Chapter Ten

Training & Optimisation

Learning Objectives
  1. Explain stochastic gradient descent and its mini-batch variant, including the role of batch size
  2. Compare adaptive optimisers (Adam, RMSProp, AdaGrad) to vanilla SGD and describe when each is preferred
  3. Apply batch normalisation and related normalisation layers to stabilise deep network training
  4. Use regularisation techniques (dropout, weight decay, data augmentation) to reduce overfitting
  5. Design learning rate schedules (warmup, cosine decay, step decay) and tune hyperparameters systematically

You have built a neural network with millions, perhaps billions, of parameters. Now you need those parameters to take on values that make good predictions, not just on the training set, but on data the model has never seen. That is the training problem, and it sits at the heart of every successful application of deep learning. The architecture matters; the loss function matters; the data matters. But unless you can reliably reduce the loss in a way that generalises, none of the other choices help.

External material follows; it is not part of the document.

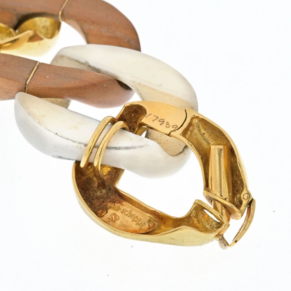 Born in New York City in 1881, Seaman Schepps created an eponymous jewelry house, becoming known as “America’s Court Jeweler” for his unique, bold designs, worn by the country’s most prominent society families. The son of immigrants, his humble beginnings led him to sit outside of the boutique of quintessential New York jeweler David Webb and sketch drawings for his own designs. Schepps left the Lower East Side of Manhattan around the turn of the century, finding work as a traveling salesman in Los Angeles and San Francisco. It was in California that he opened his first jewelry store, “The Virginia Studios,” named for his eldest daughter.

The chapter that follows is unusually long because the topic is unusually deep. The optimisation problem we face, minimising a non-convex loss over an extremely high-dimensional parameter space, sits at the intersection of three rich theoretical traditions: classical convex analysis (Polyak, Nesterov, Bertsekas), stochastic approximation (Robbins, Monro, Kushner) and the empirical practice that has grown up around modern deep networks since the late 2000s. We must give each its due.

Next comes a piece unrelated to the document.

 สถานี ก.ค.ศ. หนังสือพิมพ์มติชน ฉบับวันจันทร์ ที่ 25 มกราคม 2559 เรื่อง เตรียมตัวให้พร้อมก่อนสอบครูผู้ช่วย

We begin by characterising the loss landscape itself: where the minima are, what saddle points look like, and why a noisy first-order method can navigate this terrain at all. We then derive gradient descent and prove a convergence rate for the convex case, before passing to stochastic gradient descent and its variants, momentum, Nesterov, AdaGrad, RMSProp, Adam, AdamW. After the optimisers we turn to the system-level concerns that dominate engineering: learning rate schedules, batch size scaling, gradient clipping, mixed-precision arithmetic, and the various flavours of distributed training (DDP, FSDP, ZeRO 1/2/3, pipeline and tensor parallelism). We close with the modern theoretical view of overparameterisation, the double-descent phenomenon and implicit regularisation, followed by hyperparameter search and a practical guide to debugging training. The chapter ends with a complete, runnable training loop in PyTorch that ties every idea together.

By the end you should be able to write down the update rule for any of the major optimisers from memory, know when each is preferred, design a learning rate schedule for a new model, diagnose pathological training runs from a few seconds of looking at the loss curve, and read a modern training paper without confusion.